What is FIDO?
FIDO Authentication, developed by the FIDO Alliance,
is a global authentication standard based on public key cryptography.
- With FIDO Authentication, users sign in with phishing resistant credentials, called passkeys.
- Passkeys can be synced across devices or bound to a platform or security key and enable password-only logins to be replaced with secure and fast login experiences across websites and apps.
About FIDO Alliance
Board Level Members
The FIDO Alliance is an open industry association with a focused mission : authentication standards to reduce the world’s over-reliance on passwords that promotes the development, use of, and compliance with standards for authentication and device authorization.
The FIDO Alliance works to fulfill its mission by:
- Developing technical specifications that define an open, scalable, interoperable set of mechanisms that reduce the reliance on passwords to authenticate users
- Operating industry certification programs to help ensure successful worldwide adoption of the specifications
- Submitting mature technical specification(s) to recognized standards development organization(s) for formal standardization
How FIDO Works
Registration
- User is prompted to choose an available FIDO authenticator that matches the online service’s acceptance policy.

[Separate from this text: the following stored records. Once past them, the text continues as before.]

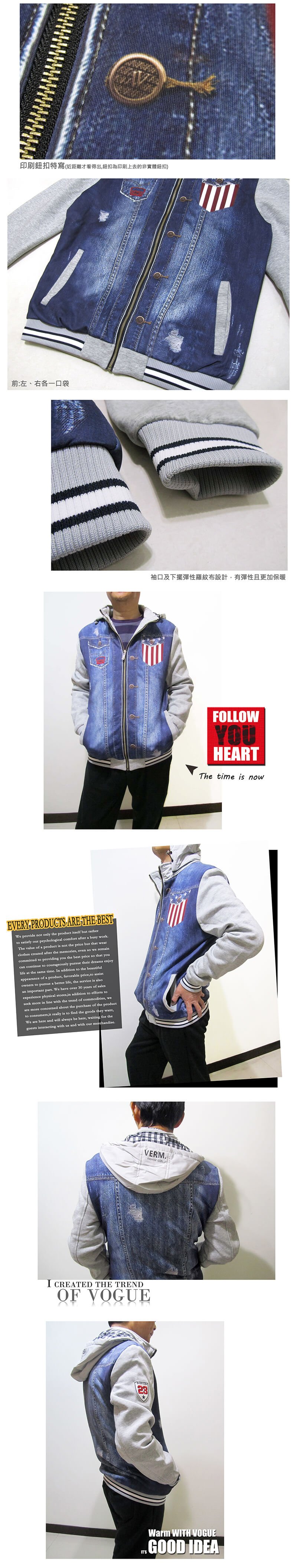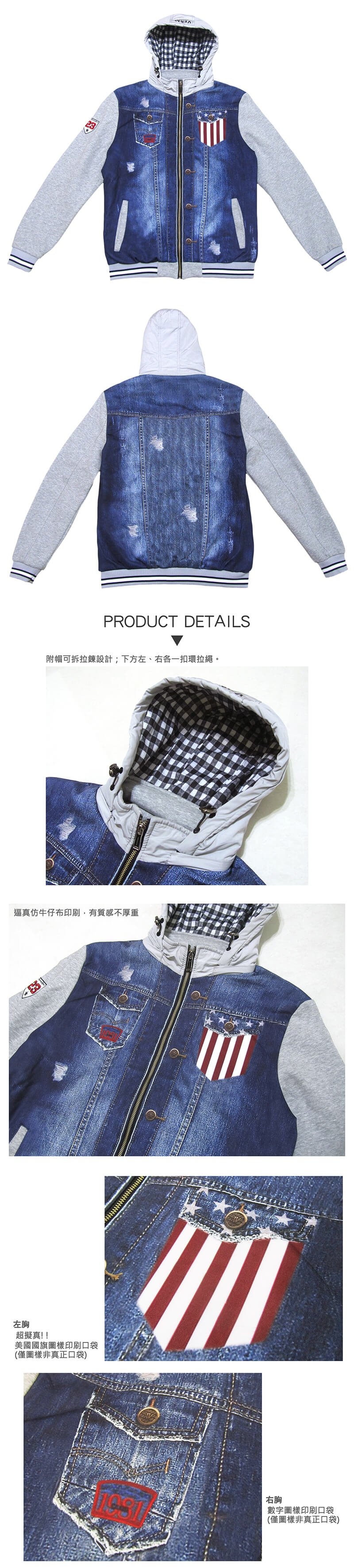 sun-e仿牛仔布擬真印刷保暖連帽厚外套、夾克外套、全棉100%外套、立體印刷外套、仿牛仔外套、騎士外套、擋風外套、防寒外套、休閒外套、保暖外套、仿丹寧外套、美國國旗(312-1808-22)牛仔色 胸圍:46英吋 [實體店面保障]
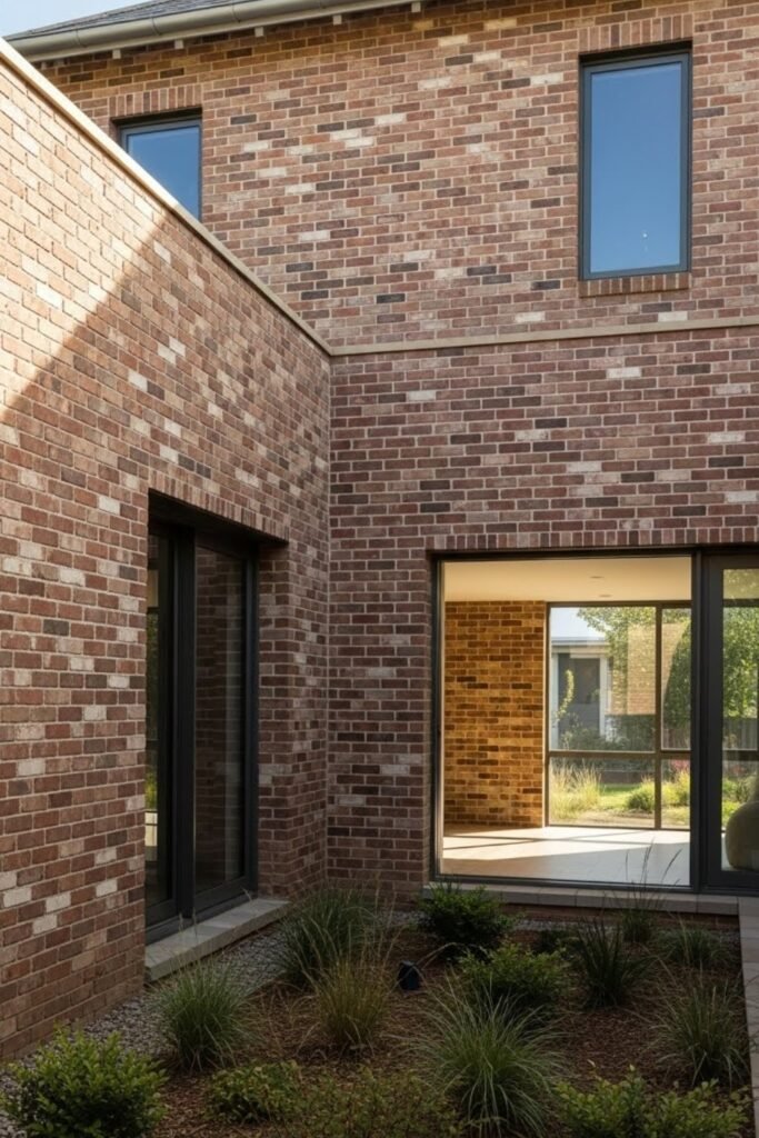This courtyard house uses exposed brick walls to create warmth and texture. Brick helps regulate temperature by staying cool during the day and warm at night.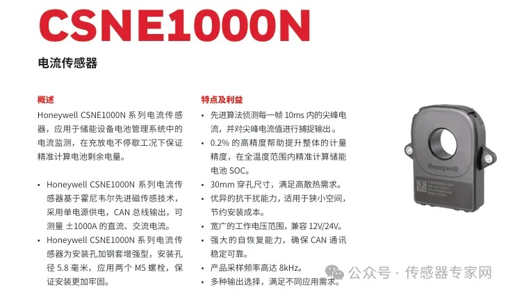 霍尼韋爾推出的CSNE 1000系列電流傳感器即在中國南京研發(fā)完成和生產,CSNE 1000系列電流傳感器是一款針對儲能等應用場景研發(fā)的高性能傳感器產品,已在全球多家儲能巨頭公司產品中應用。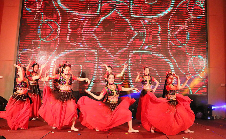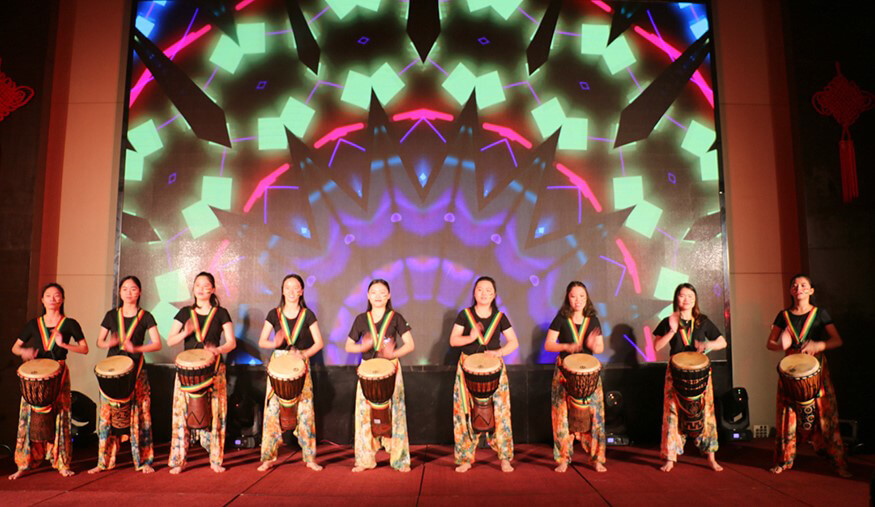 隨著一陣激越的鼓聲響起,全場的目光都投向了舞臺。公司特邀表演團(tuán)隊鳳凰花音樂工坊的一群靚麗少女,手起手落,靈巧有力地拍打著非洲鼓,神采飛揚(yáng)。再配以優(yōu)美的歌聲舞姿,盡顯異域風(fēng)情。鼓聲時而激越急促,時而渾厚悠宛,聲動全場,直擊人心,瞬間引爆現(xiàn)場氛圍,拉開了迎新年會的大幕。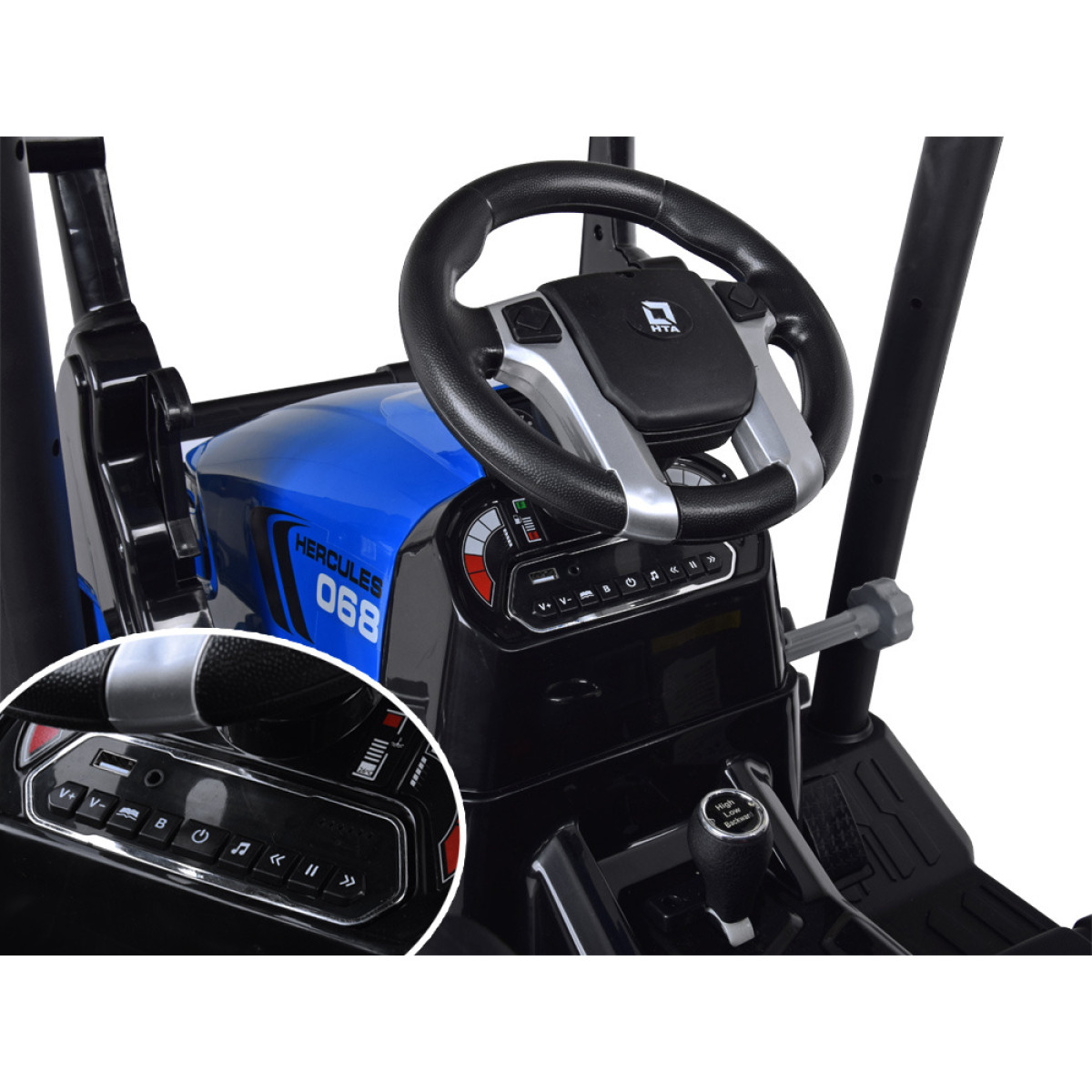 Traktorius įjungiamas jungikliu po sėdyne, kuris taip pat įjungia priekinius žibintus. Norint pradėti važiuoti, tereikia nuspausti akseleratoriaus pedalą. Traktorius turi stabdį, kuris veikia atleidus pedalą. Vairas, maitinamas 2xAA baterijomis (neįtrauktos į komplektaciją), turi mygtukus, kuriuose slypi garsinio signalo garsai. Po vairu yra muzikos panelis.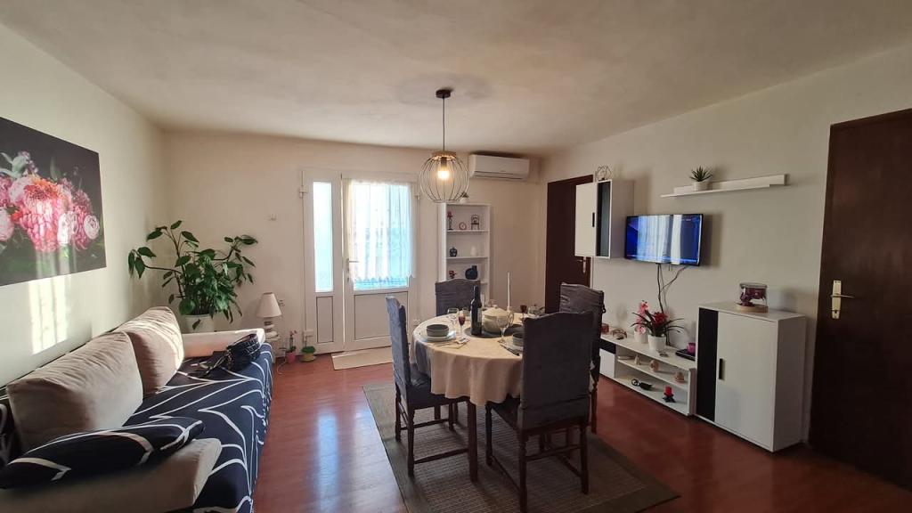 Apartament dotat cu două dormitoare mari, bucătărie, living, baie și o frumoasă terasă mare cu vedere la mare și la centrul orașului. Dotat cu toate electrocasnicele (mașină de spălat, mașină de spălat vase, cuptor cu microunde, prăjitor de pâine, cuptor, ceainic, grătar electric). Parcarea, aerul condiționat și WiFi sunt incluse în preț. Apartamentul este situat la 5 minute de centrul orasului si la 10 minute de plaja principala.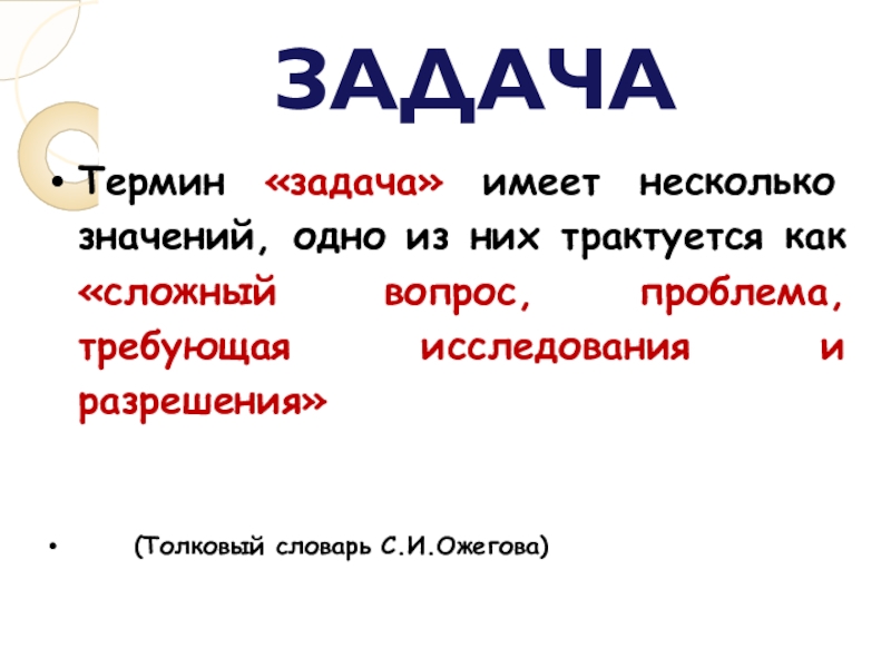 «ЗАДАЧА – СЛОЖНЫЙ ВОПРОС,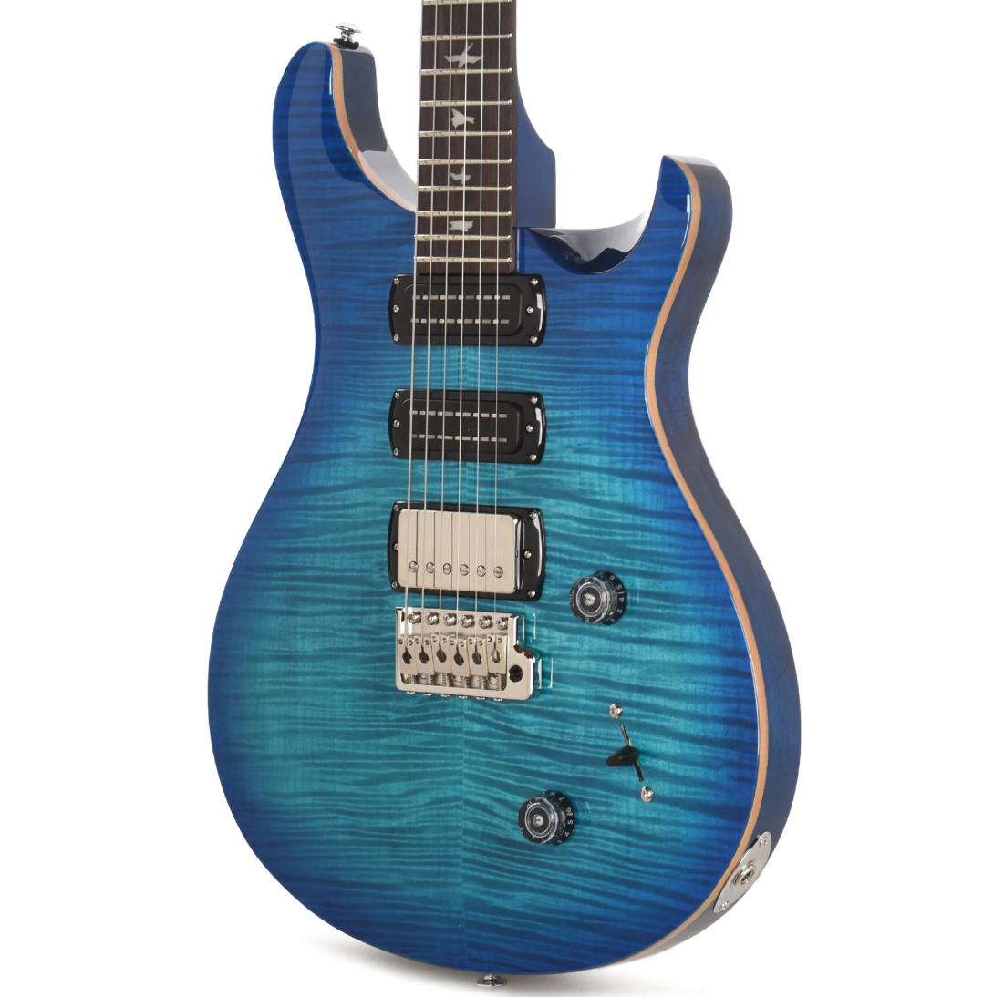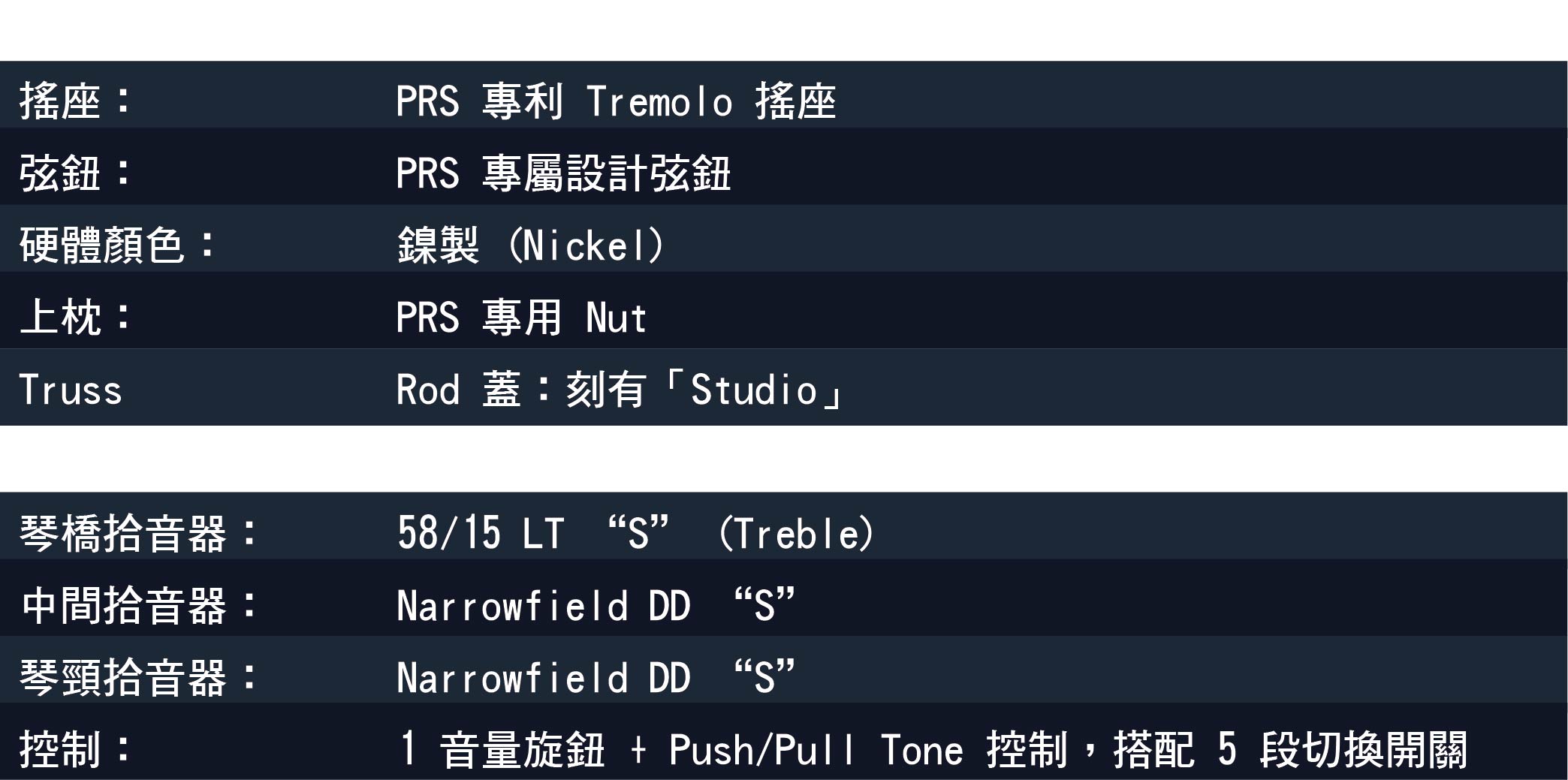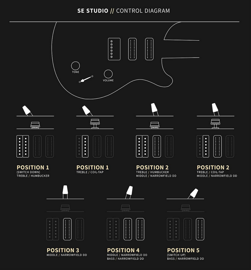 琴身採用 桃花心木背板搭配楓木面板,音色溫暖又具穿透力。拾音器配置為 單 / 單 / 雙 (S/S/H):前段與中段搭載 PRS Narrowfield DD “S”,後段則是 PRS 58/15 LT “S” 雙線圈。這樣的組合能帶來寬廣的音色範圍,從厚實溫暖的 Humbucker,到清亮通透的 Single-coil,再到介於兩者之間的變化,都能一手掌握。加上 5 段切換開關與 Push/Pull 音色控制,讓 SE Studio 成為能勝任各種曲風的音色變色龍。

- User unlocks the FIDO authenticator using a fingerprint reader, a button on a second–factor device, securely–entered PIN or other method.
- User’s device creates a new public/private key pair unique for the local device, online service and user’s account.
- Public key is sent to the online service and associated with the user’s account. The private key and any information about the local authentication method (such as biometric measurements or templates) never leave the local device.
Login
- Online service challenges the user to login with a previously registered device that matches the service’s acceptance policy.
- User unlocks the FIDO authenticator using the same method as at Registration time.
- Device uses the user’s account identifier provided by the service to select the correct key and sign the service’s challenge.
- Client device sends the signed challenge back to the service, which verifies it with the stored public key and logs in the user.